After the war, the Vendo company began expanding globally. By 1956, vending machines were being shipped internationally to 20 different countries. At the same time, Vendo began experimenting with new ideas. Vending machines that dispensed varieties of goods were manufactured and distributed and existing beverage vending machines were given a new, sleeker look. It was this time that the company began creating completely automated convenience stores and restaurants as well as drive-in refreshment stations. In 1956, Vendo merged with its primary rival, Vendorlator. It became a major supplier for the entire soft-drink industry and, for a brief period, the company went public.
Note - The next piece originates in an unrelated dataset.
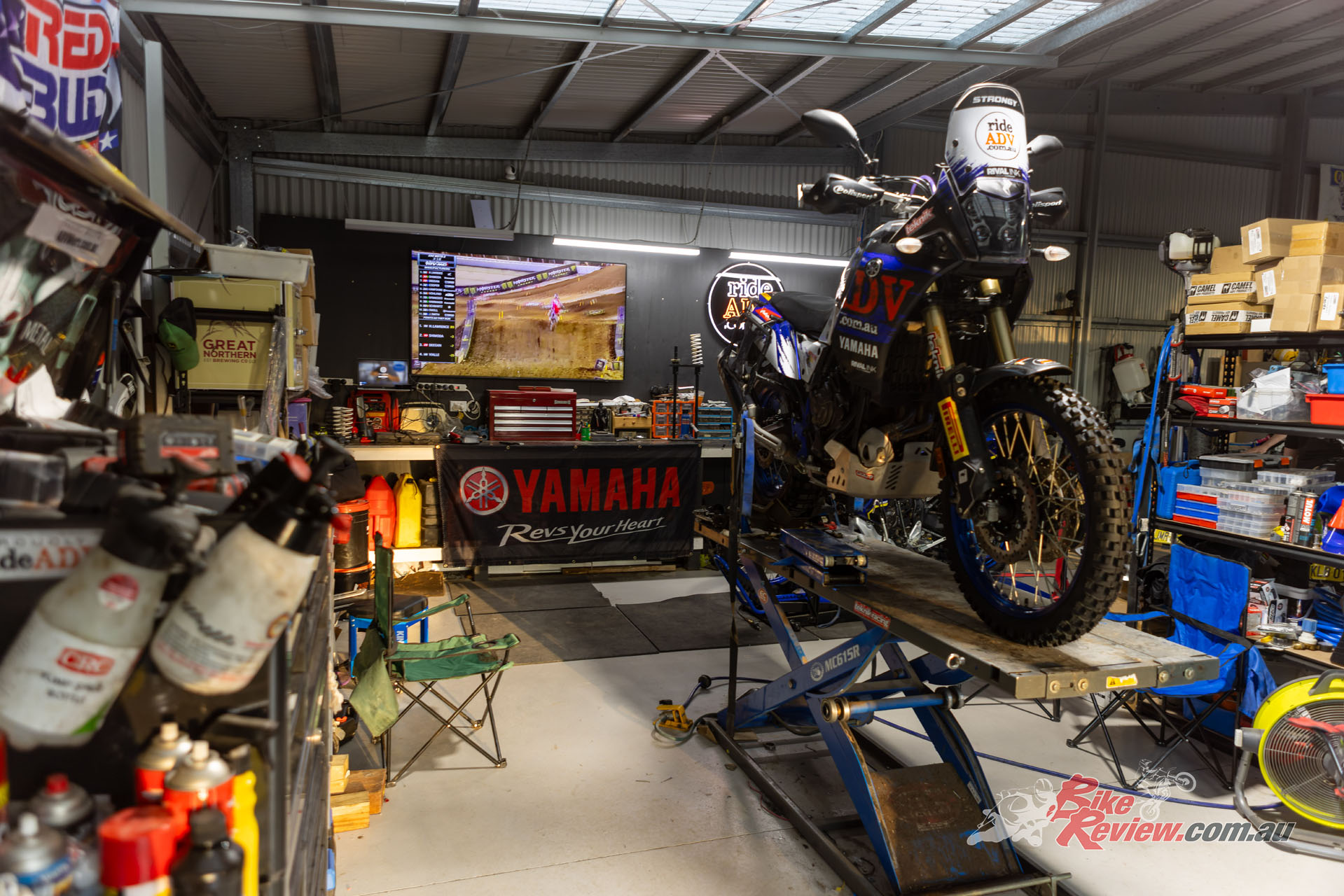 Of course, it just happened to be a 35-degree day, so we loaded our camel packs the next morning and saddled up for 200km of prime NSW trails. The only changes RideADV and Yamaha made from the standard World Raid were the tyres, swapped from the Pirelli Scorpion Rally STR to the much more motocross-inspired MST Scorpions.

The company's expansion continued into the 1970s as the company expanded its international market and began manufacturing the world's first canned beverage dispensing machine.

The oil crisis of the 1970s struck a major blow to Vendo Co. Facing major financial losses, the company sold off all of its assets, keeping only its beverage machine distribution division. The site in Kansas City was abandoned and the company kept only the plants in Fresno, California and Corinth, Mississippi.
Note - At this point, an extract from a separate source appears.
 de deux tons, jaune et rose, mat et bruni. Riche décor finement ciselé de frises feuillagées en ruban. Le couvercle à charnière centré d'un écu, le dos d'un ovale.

The company was revitalized in the 1980s when it was acquired by Sanden Corporation, a manufacturer of high-tech electronics. The company received both technological and financial support from its new parent company and once again began introducing innovations to the automated goods distribution market. By the end of the 1990s, Vendo had received patents on many new features for vending machines, such as increased capacity, accommodation for goods of many different shapes and sizes, and the ability to accept debit cards as a form of payment. The company began to expand again into the 2000s, moving its headquarters to Dallas, Texas and taking on the name "Sanden Vendo" to show its thanks and loyalty to the Sanden Corporation.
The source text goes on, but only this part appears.